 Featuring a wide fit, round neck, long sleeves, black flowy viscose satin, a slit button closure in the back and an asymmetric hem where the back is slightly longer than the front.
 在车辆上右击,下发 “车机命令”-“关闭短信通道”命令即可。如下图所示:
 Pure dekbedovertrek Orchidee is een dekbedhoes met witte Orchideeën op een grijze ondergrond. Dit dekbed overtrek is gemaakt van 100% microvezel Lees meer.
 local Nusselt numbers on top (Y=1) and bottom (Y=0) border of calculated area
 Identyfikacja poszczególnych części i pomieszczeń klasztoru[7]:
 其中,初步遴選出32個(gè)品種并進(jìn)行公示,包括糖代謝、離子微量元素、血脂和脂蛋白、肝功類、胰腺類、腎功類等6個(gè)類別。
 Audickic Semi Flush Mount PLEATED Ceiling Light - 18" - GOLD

---

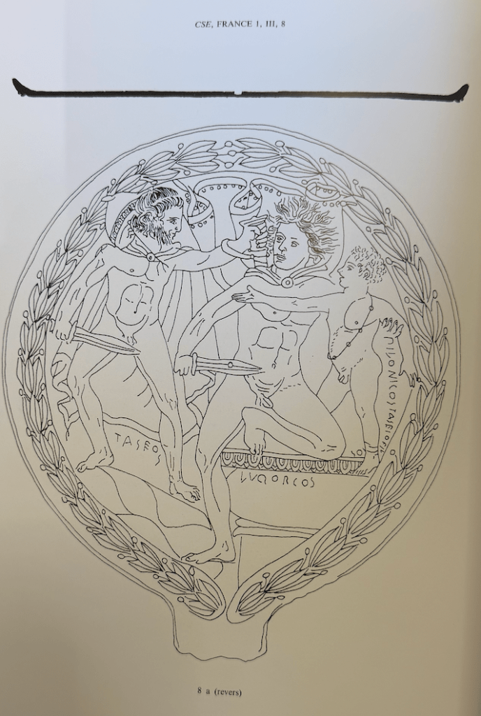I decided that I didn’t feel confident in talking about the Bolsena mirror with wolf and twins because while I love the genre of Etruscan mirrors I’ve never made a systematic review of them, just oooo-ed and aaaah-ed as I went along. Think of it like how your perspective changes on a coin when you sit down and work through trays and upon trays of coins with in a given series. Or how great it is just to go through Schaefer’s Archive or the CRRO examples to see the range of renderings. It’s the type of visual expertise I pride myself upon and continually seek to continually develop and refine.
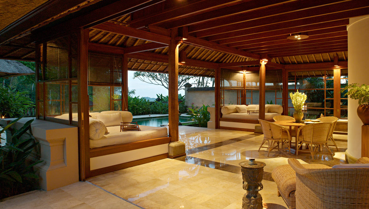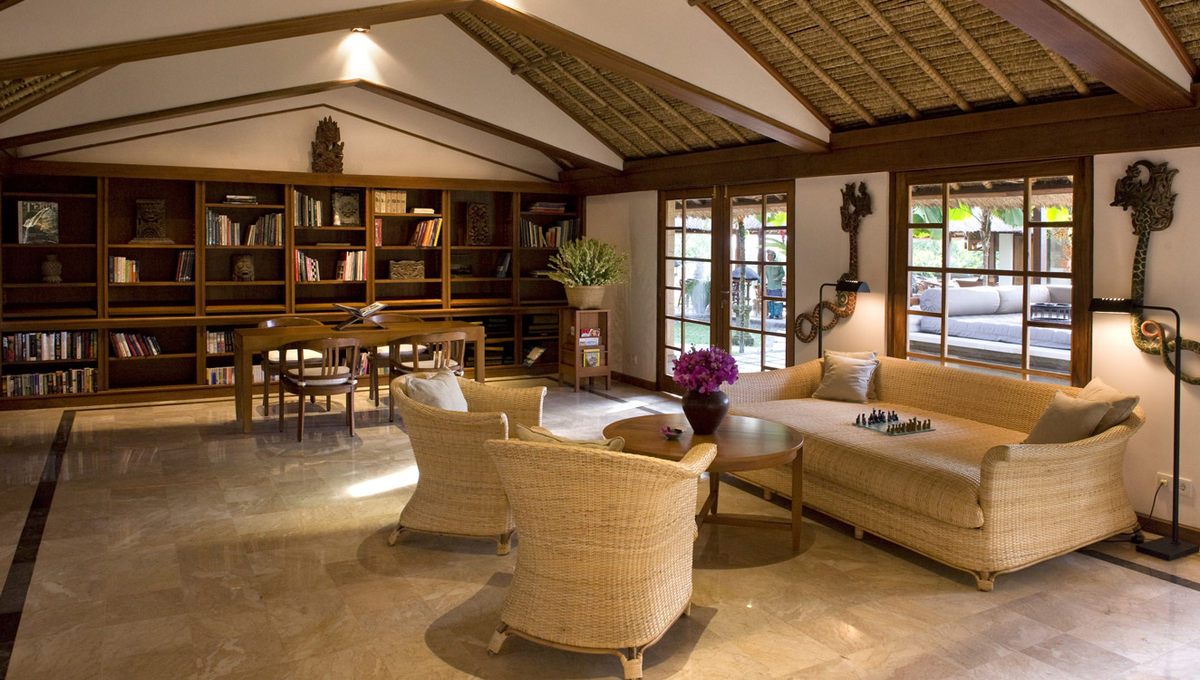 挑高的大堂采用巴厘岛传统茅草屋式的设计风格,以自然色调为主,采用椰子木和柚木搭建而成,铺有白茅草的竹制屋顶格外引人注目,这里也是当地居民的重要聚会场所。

---

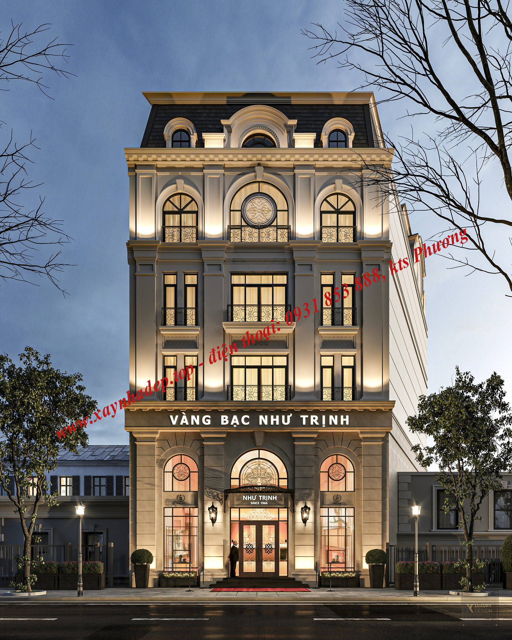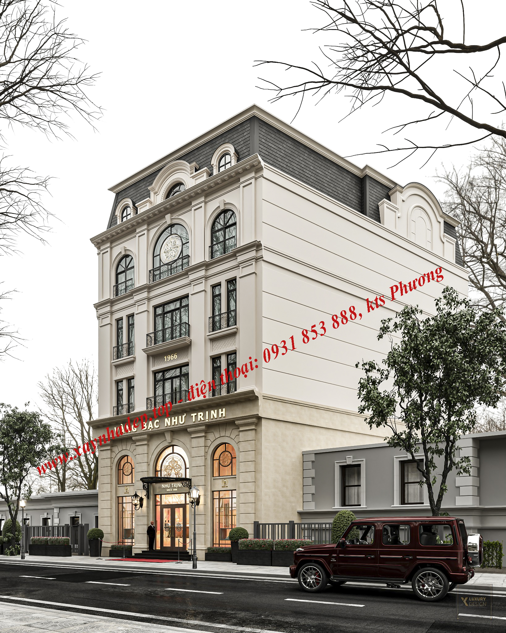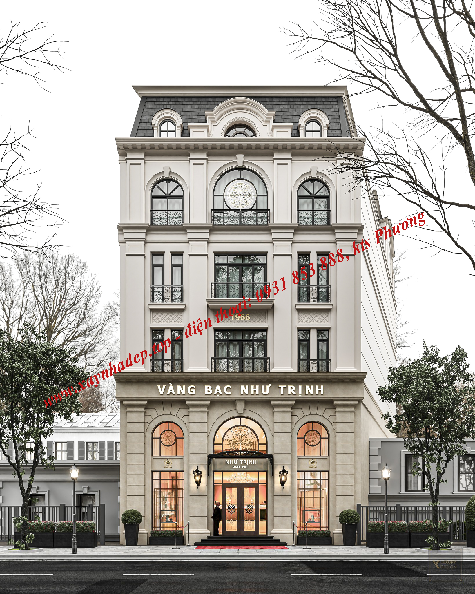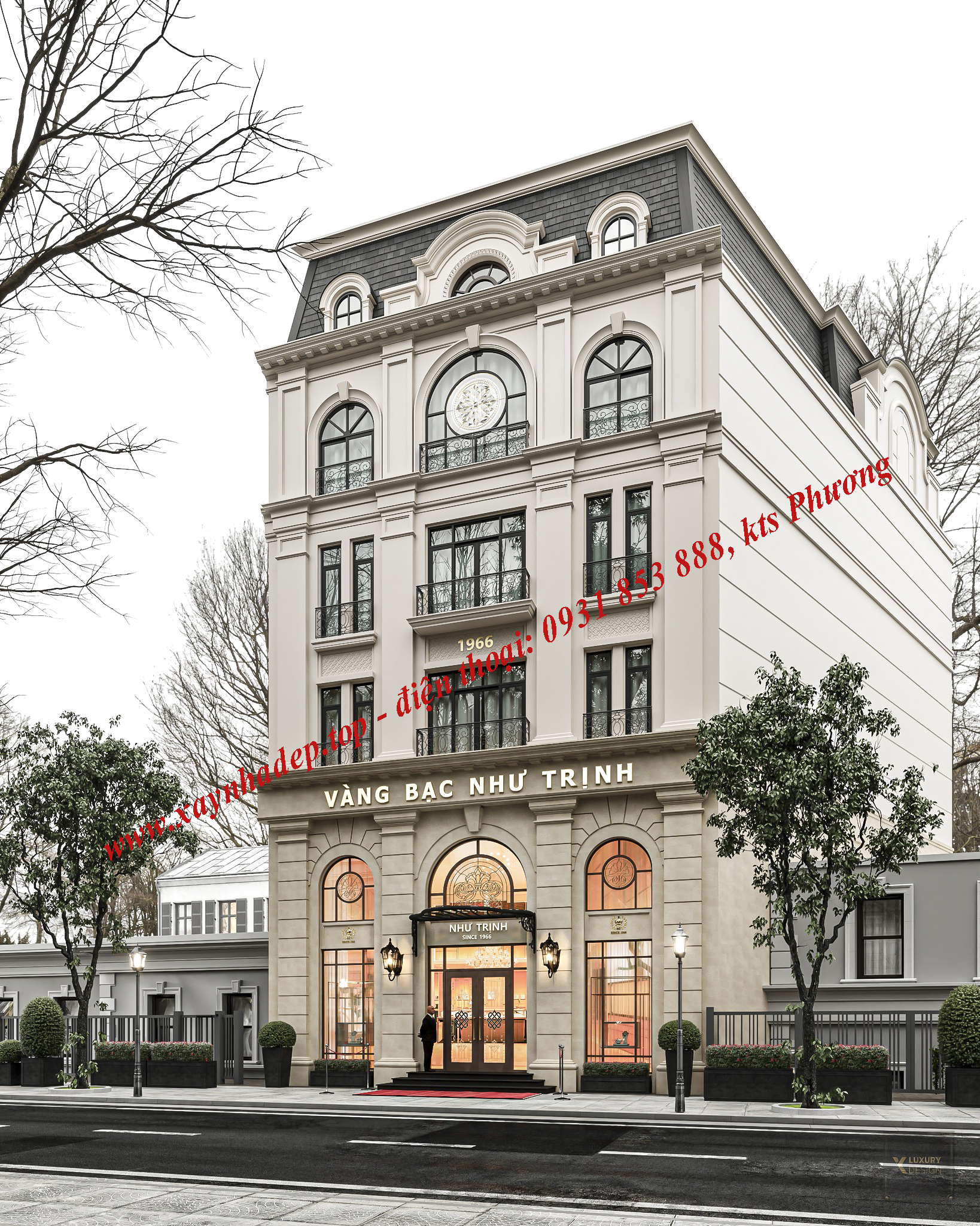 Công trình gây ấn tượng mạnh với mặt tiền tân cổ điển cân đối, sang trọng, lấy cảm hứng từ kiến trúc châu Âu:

---

Exercise for the records above: copy only the lines from the one with "I decided that" to the one with "挑高的大堂采用巴厘岛传统茅草", both ends kept, and drop the pictures.

Result of the task
I decided that I didn’t feel confident in talking about the Bolsena mirror with wolf and twins because while I love the genre of Etruscan mirrors I’ve never made a systematic review of them, just oooo-ed and aaaah-ed as I went along. Think of it like how your perspective changes on a coin when you sit down and work through trays and upon trays of coins with in a given series. Or how great it is just to go through Schaefer’s Archive or the CRRO examples to see the range of renderings. It’s the type of visual expertise I pride myself upon and continually seek to continually develop and refine.
 挑高的大堂采用巴厘岛传统茅草屋式的设计风格,以自然色调为主,采用椰子木和柚木搭建而成,铺有白茅草的竹制屋顶格外引人注目,这里也是当地居民的重要聚会场所。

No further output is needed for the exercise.